Поминки, как это у нас водится, устроили в «Самоваре» Романа Каплана. Сперва собравшиеся не знали, что сказать, потому что лучше всех говорил Вагрич. Но быстро выяснилось, что его смерть ничего не изменила. Ира, которую язык еще не поворачивался назвать вдовой, раздала каждому по оставленной Вагричем записке, заменившей скорбные тосты.

– «Эмигранты-лилипуты тоскуют по карликовым березам», – прочел один.

– «Евреи всех национальностей», – сказал другой.

– «Снобовязалка», – произнес третий.

– «Не ешьте натощак», – советовал четвертый, – особенно консервы «Язык без костей».

– «Дурак в России больше, чем дурак», – сетовал пятый.

– «Шестикратный Серафим», – объявил шестой.

Эстафета смеха обошла весь этаж и вернулась к началу.

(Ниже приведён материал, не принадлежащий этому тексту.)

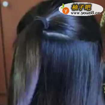 1将头顶上方头发扎起来,从中挑出一束用卡子固定在头顶前方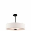 The clean lines and simple styling make this versatile 3 light semi flush ceiling fixture or pendant distinctive. Featuring a White Microfiber shade and a Satin Etched Glass diffuser, this design can complement any space. Chain Length: 36.00 Shade Dimensions: 20.00 x 5.00 Material: Steel, Finish Color: Olde Bronze, Width: 20", Height: 5.5", Chain Length: 36", Lamping Type: Incandescent, Number Of Bulbs: 3, Wattage: 100 Watts, Dimmable: No, Moisture Rating: Dry Rated

– Поминки по Финнегану, – горевал и радовался я, зная, что такое не повторится.

3

В ту последнюю из пригодных для пляжа субботу русский Нью-Йорк собрался на 108-й стрит. Скучная, как весь Квинс, эта улица ничем не отличалась от других, кроме того, что ее описал Довлатов. При жизни он был неофициальной достопримечательностью района, после смерти – официальной, с тех пор, как отцы города согласились назвать его именем этот переулок.

– На доме Бродского, – жаловался довлатовский сосед, – нет даже мемориальной доски, а тут – целая улица, и меня угораздило на ней жить.

Мне это кажется справедливым. Сергей был нашим писателем. Бродский – для мира, Солженицын – для истории, Довлатов – для домашнего пользования. О чем свидетельствовали три миллиона проданных книг и толпа поклонников – новых, молодых, старых. Здороваясь с персонажами довлатовских книг, я осторожно огибал сотрудников московских каналов.

– Он умер, – доносился траурный голос ведущего, – от тоски по родине.

Но меня все же выловили и поставили к камере. – Феномен Довлатова, – начал я, – показывает, что русская словесность не так нуждается в государстве, как оно – в ней.

В вечернем репортаже от всего монолога оставили реплику «Сергей любил поесть».

Стоя на улице имени Довлатова, я понял, что раз влип в историю – как свидетель и соучастник, то пора ее написать. Но чтобы жизнь поместилась в историю, ее нужно вспомнить, спрямив и высмеяв. Память моя, однако, капризна, избирательна и неблагодарна. Она вычеркивает годы, игнорирует факты, забывает встречи. Она упрямо настаивает на мелочах, важных ей одной, вроде дачного жасмина, который в Америке не умеет пахнуть. Она выкручивает руки, безжалостно напоминая стыдные слова и поступки, от которых я тихонько вою, если нет посторонних. Она смешлива, как первоклассник. Она любит только тех, кто годится в анекдоты. Она не сидит на месте, устает от среднего, плюет на важное и, как и я, не знает главного.